Na sede da empresa TchOuK, em Tcheliabinsk, Kostantin Strukov mexe nervosamente com sua caneta. "Nossos 6 mil funcionários são pagos em dia, não houve demissões, não temos medo da crise", garante o presidente do conselho de direção e principal acionário da empresa. As explicações serão breves. Ao se mencionar os salários atrasados e o depoimento de seus empregados, ele bruscamente põe um fim à entrevista: "Vocês não têm crise na França? Por que vêm remexer a lama aqui, fiquem na casa de vocês!"

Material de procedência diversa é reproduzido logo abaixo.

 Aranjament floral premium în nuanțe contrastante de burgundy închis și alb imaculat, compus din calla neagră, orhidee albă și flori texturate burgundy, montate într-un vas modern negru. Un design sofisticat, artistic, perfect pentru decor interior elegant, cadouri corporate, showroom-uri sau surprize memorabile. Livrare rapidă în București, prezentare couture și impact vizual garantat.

Um nervosismo que traduz a amplitude dos problemas da indústria. As pequenas centrais elétricas a carvão, que constituíam os principais clientes, agora são deixadas para as centrais a gás, mais baratas.

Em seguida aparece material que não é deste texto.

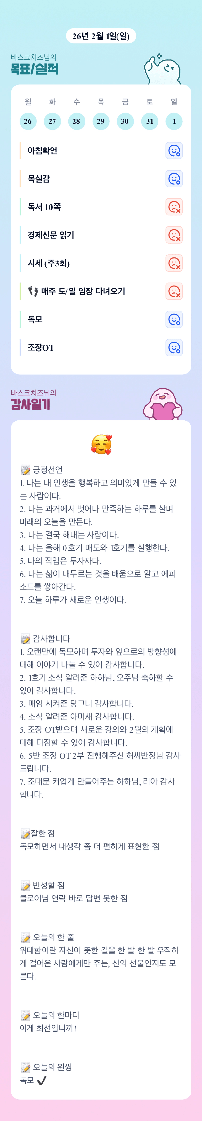 오늘의 한마디 멋지다 일단 조금만 더 끝까지 가보자 끝까지가보고 판단해도 늦지않다😌

O que é ainda pior, após anos de extração, o carvão que sobrou seria de qualidade medíocre. Algumas centrais elétricas da região também preferiram comprar sua matéria-prima no vizinho Cazaquistão,um melhor mercado e de melhor qualidade.

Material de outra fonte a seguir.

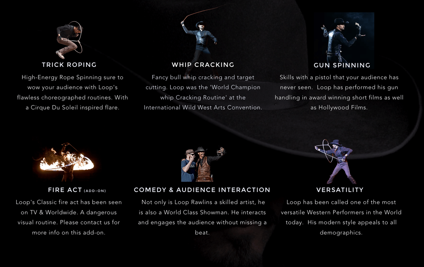 He also appeared on the summer hit television show, 'America's Got Talent' season 9, making it to the Quarterfinals. Loop continues to keep the spirit of the West alive through his performances around the world.

Resultado: a empresa, que extraía até 40 milhões de toneladas de carvão por ano, só produziu 2,3 milhões em 2008. "O fechamento das minas nos próximos meses é uma possibilidade real", teme Marina Morozova, jornalista em Korkino. A crise econômica, extinguindo a demanda, poderia aplicar um golpe fatal em uma indústria já moribunda. "No momento, a mina não é mais rentável", explica Marina Morozova. "Em resumo, não só o trabalho está mais escasso, como a direção assume mais riscos por economia, em detrimento da segurança. Quando acontecem os pequenos incêndios no interior da mina, eles são apagados sem se evacuar os mineradores que trabalham ali.
Antes, isso seria impensável!"

Em Kopeisk, outro lugar de extração de carvão de TchOuK, a situação não é melhor. Nesse "monogorod", cidade de uma só indústria, as minas começam a se esgotar. Um dos três locais de extração já foi fechado, enquanto as duas funcionam de forma lenta. A cada dia, os corredores da agência para o emprego são tomados por centenas de trabalhadores "dispensados", que vêm se inscrever para obter indenizações às vezes inferiores a 1000 rublos (€ 22).

Nessa pequena manhã de fevereiro, a diretora da agência, Svetlana Buldashova, abre com dificuldade um caminho entre a multidão para penetrar em um local superlotado, para explicar aos desempregados os seus direitos. "E isso é só o começo", ela diz entre duas apresentações. "Nas minas de Kopeisk, as grandes ondas de demissões devem acontecer em abril ou em maio..."

Que futuro haverá para os "monogorod" dos Montes Urais? Na ausência total de diversificação econômica, nenhuma alternativa à indústria carvoeira está prevista para esses grandes povoados de dezenas de milhares de habitantes. "As únicas ofertas de emprego em Kopeisk propõem empregos de segurança na entrada de pequenas lojas", diz com um sorriso amargo Vitali, um desempregado com cerca de 40 anos. "Daqui a alguns anos, só haverá os porteiros aqui... Mas, para vigiar o quê?"

A PRODUÇÃO DE CARVÃO

Produção
321 milhões de toneladas de carvão por ano (5ª maior do mundo)

Reservas
173 bilhões de toneladas, o que faz do país o segundo maior do mundo, atrás dos EUA.

Indústria
A Rússia conta 240 minas, a céu aberto ou subterrâneas. O setor carvoeiro ainda emprega 300 mil pessoas.

Terceira energia
O carvão constitui 16% das fontes de energia primárias na Rússia, logo atrás do petróleo, que corresponde a 19%, e do gás natural, responsável por 54%.

Recursos mundiais remanescentes
Segundo os analistas, o país possui 17% do carvão, mas de menor qualidade.